An ERCP (Endoscopic Retrograde CholangioPancreatography) test is an examination of the bile and pancreatic ducts coming for your gallblader and pancreas.

The ERCP is done with an instrument called an endoscope. This is a narrow, flexible tube that goes through the mouth into the upper digestive tract (esophagus, stomach, and duodenum). It lets the doctor look into your esophagus, stomach, and small intestine. Dye is then put into your common bile duct and pancreatic duct and x-rays are taken. This test helps your doctor diagnose your illness and plan specific treatment.

For further details regarding ERCP, visit the American Gastroenterological Society (AGA) Patient Center website (

Endoscopic Ultrasound (EUS)

Endoscopic Ultrasound (EUS) combines endoscopy and ultrasound in order to obtain images and information about the digestive tract and the surrounding tissue and organs. EUS involves passing a thin, flexible tube (endoscope) through the patient's mouth or anus. A small ultrasound transducer in the endoscope produces sound waves that create a viewable image of surrounding tissue. This technology allows the physician to examine the lining and walls of the upper and lower gastrointestinal tract and nearby organs such as the pancreas, liver, and gallbladder. EUS can provide detailed, cost-effective nonsurgical assessment of certain diseases. The procedure is performed by gastroenterologists who have had extensive advanced training.

Indications for EUS include:

  • Diagnosing and staging of tumors of the gastrointestinal tract including pancreatic, esophageal, and gastric cancer, as well as benign tumors of the intestinal tract
  • Evaluating bile duct stones and gall bladder - related disease in a less invasive manner than traditional methods
  • Evaluating conditions of the pancreas including pancreatitis, pancreatic cysts and tumors
  • Assessing enlarged lymph nodes
  • Lymph nodes or suspicious tumors (fine needle aspiration or FNA).

Infrared Coagulation of Internal Hemorrhoids (IRC)
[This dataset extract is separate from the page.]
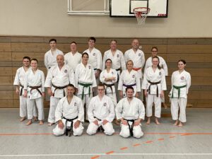 Am 04.03.2023 konnten wir zum wiederholten Male den Bundestrainer des Deutschen JKA-Karate-Bundes, Thomas Schulze aus Bremen, in der Selztalhalle in Stadecken-Elsheim begrüßen. Neben den Vereinsmitgliedern kamen auch zahlreiche externe Gäste, um Karate in höchster Präzision zu erleben und zu erfahren. Während in den ersten Trainingseinheiten das Erlernen und Üben der Katas (Formen) im Vordergrund stand, wurde am Nachmittag das Ganze im Partnertraining zur Anwendung gebracht. Hierbei schaffte es Thomas Schulze immer wieder, die Teilnehmer*innen für neue Kombinationen zu begeistern und zu persönlichen Höchstleistungen anzuspornen. Besonders zu schätzen wussten die Teilnehmer*innen seine bodenständige und kameradschaftliche Art; von Star-Allüren war bei dem ehemaligen Vizeweltmeister keine Spur. Die Lehrgangsteilnehmer*innen waren sich einig: Hoffentlich kommt der Nationalcoach bald wieder zu uns nach Stadecken-Elsheim.

IRC is the most widely used office treatment for internal hemorrhoids and is preferred over other methods because it is fast, well-tolerated by patients, and virtually problem-free. A small prove contacts the area above the hemorrhoid, exposing the tissue to a burst of infrared light for about one second. This coagulated the veins above the hemorrhoid causing it to shrink and recede. The patient may feel a sensation of heat very briefly, but it is generally not painful. Therefore, anesthetic is usually not required.

The procedure is perfromed in the office and takes less than ten minutes. Patients can return to normal lifestyle and work that same day. Usually several sessions are required two weeks to amonth apart.

Wireless Capsule Endoscopy

A procedure that examines the middle part of the gastrointestinal tract (small intestines) and includes the duodenum, jejunum, and ileum. This part of the bowel cannot be reached by traditional upper endoscopy or colonoscopy. The patient will be asked to swallow a pill sized video capsule (about size of a dime), which has its own lens and light source. The capsule naturally passes through the digestive tract while transmitting video images to a video monitor, that will then be sent to a computer screen to be reviewed by the physician.

Indications for wireless capsule endoscopy include:

  • Search causes of bleeding from the small intestine
  • Diagnosing Crohn's disease
  • Evaluate possible celic disease
  • Evaluate for polyps, ulcers, tumors and other conditions of the small bowel.